**Information given**
• • • • •

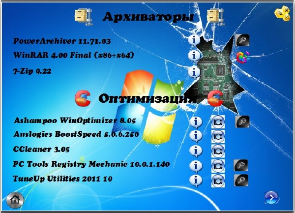 Системные: 7-Zip 9.22 PowerArchiver 11.71.03 Rus Final WinRAR 4.00 Final (x86+x64) RePack + Theme Ashampoo WinOptimizer 8.05 Auslogics BoostSpeed 5.0.6.250 RePack CCleaner 3.05.1408 PC Tools Registry Mechanic 10.0.1.140 TuneUp Utilities 2011 10.0.4000.42 Final Uniblue PowerSuite 2011 3.0.1.3 Windows 7 Manager 2.1.0 Final Ashampoo UnInstaller 4.1.5.0 Total Uninstall Pro 5.9.3 Repack Your Uninstaller! Pro 7.3.2011.02 RePack Hetman Data Recovery Pack 3.0 Ontrack EasyRecovery Professional 6.21.03 Paragon Partition Manager 11 Professional Build 9887 (x86/x64) Driver Genius Professional 10.0.0.712 Total Commander 7.56a Final (MAX-Pack 2011.2.10.1968) RePack
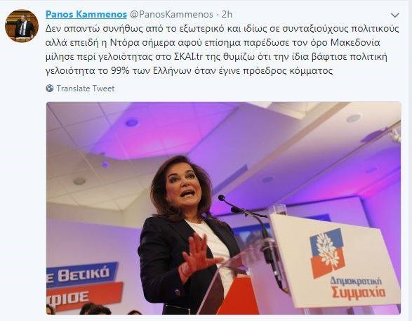 Στα όσα είπε η κυρία Μπακογιάννη απάντησε ο υπουργός Εθνικής Άμυνας Πάνος Καμμένος μέσω twitter, χαρακτηρίζοντάς τη συνταξιούχο πολιτικό. Μάλιστα επισημαίνει στην ανάρτησή του ότι “την ίδια βάφτισε πολιτική γελοιότητα το 99% των Ελλήνων όταν έγινε πρόεδρος κόμματος”.
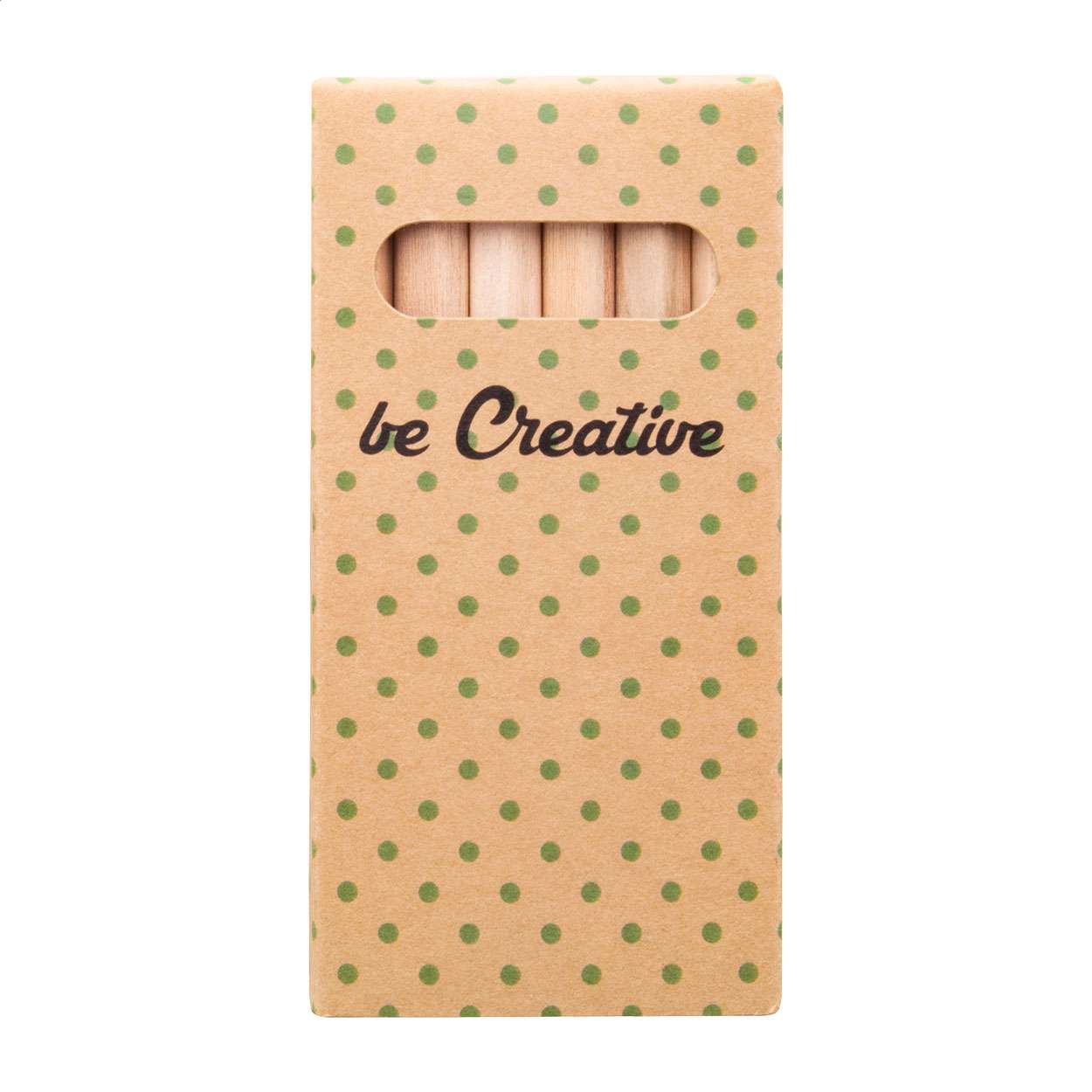 Matite colorate in legno (6 pezzi) in scatola di cartoncino kraft stampato a colori. Il prezzo include la stampa digitale. MOQ: 100 pezzi.
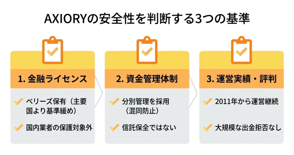 このセクションでは、AXIORYが「やばい」「危険」といった評判に該当するのか、公開されている情報をもとに検証します。安全性を判断する上で特に重要な3つの観点から、運営体制の実態を確認していきましょう。
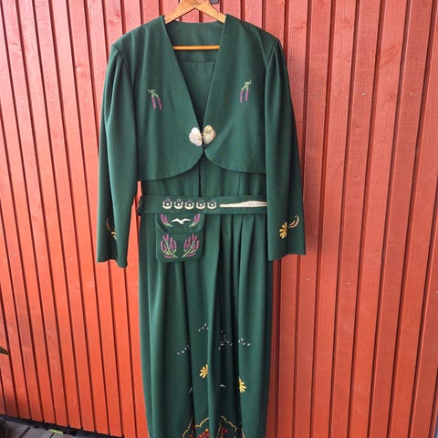 Pent brukt komplett Karendrakt. Sølv, 2 silkeskjorter og hårbånd medfølger.
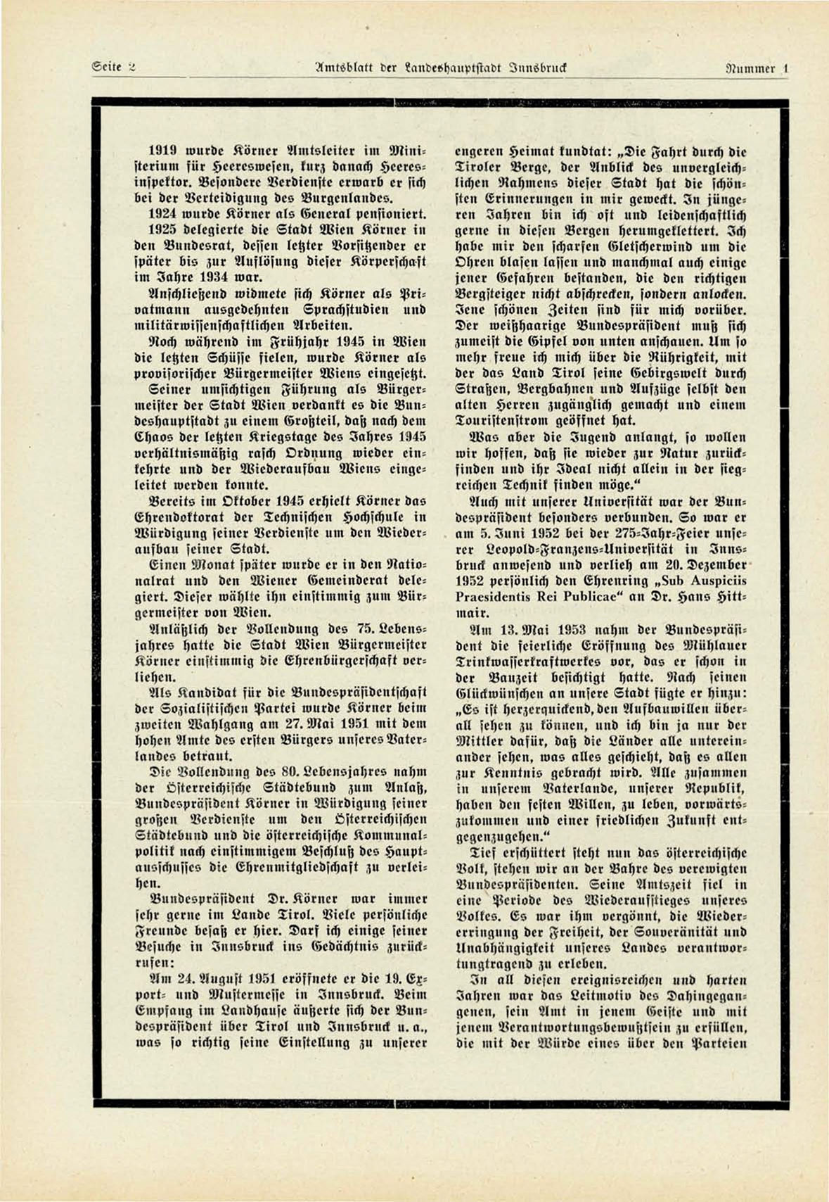 am 5. J u n i 1952 bei der 275-Iahr-Feicr unserer Leopold-Franzens-Universität in I n n s bruck anwesend und verlieh am 2ll. Dezember
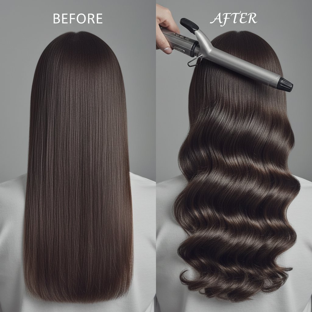 Before: Straight, uninspired locks. After: Shiny, tight curls crafted with a titanium curling iron, showcasing its precision.

• • • • •

Reproduce the data exactly as it appears above. Pictures are to be left out.

 Системные: 7-Zip 9.22 PowerArchiver 11.71.03 Rus Final WinRAR 4.00 Final (x86+x64) RePack + Theme Ashampoo WinOptimizer 8.05 Auslogics BoostSpeed 5.0.6.250 RePack CCleaner 3.05.1408 PC Tools Registry Mechanic 10.0.1.140 TuneUp Utilities 2011 10.0.4000.42 Final Uniblue PowerSuite 2011 3.0.1.3 Windows 7 Manager 2.1.0 Final Ashampoo UnInstaller 4.1.5.0 Total Uninstall Pro 5.9.3 Repack Your Uninstaller! Pro 7.3.2011.02 RePack Hetman Data Recovery Pack 3.0 Ontrack EasyRecovery Professional 6.21.03 Paragon Partition Manager 11 Professional Build 9887 (x86/x64) Driver Genius Professional 10.0.0.712 Total Commander 7.56a Final (MAX-Pack 2011.2.10.1968) RePack
 Στα όσα είπε η κυρία Μπακογιάννη απάντησε ο υπουργός Εθνικής Άμυνας Πάνος Καμμένος μέσω twitter, χαρακτηρίζοντάς τη συνταξιούχο πολιτικό. Μάλιστα επισημαίνει στην ανάρτησή του ότι “την ίδια βάφτισε πολιτική γελοιότητα το 99% των Ελλήνων όταν έγινε πρόεδρος κόμματος”.
 Matite colorate in legno (6 pezzi) in scatola di cartoncino kraft stampato a colori. Il prezzo include la stampa digitale. MOQ: 100 pezzi.
 このセクションでは、AXIORYが「やばい」「危険」といった評判に該当するのか、公開されている情報をもとに検証します。安全性を判断する上で特に重要な3つの観点から、運営体制の実態を確認していきましょう。
 Pent brukt komplett Karendrakt. Sølv, 2 silkeskjorter og hårbånd medfølger.
 am 5. J u n i 1952 bei der 275-Iahr-Feicr unserer Leopold-Franzens-Universität in I n n s bruck anwesend und verlieh am 2ll. Dezember
 Before: Straight, uninspired locks. After: Shiny, tight curls crafted with a titanium curling iron, showcasing its precision.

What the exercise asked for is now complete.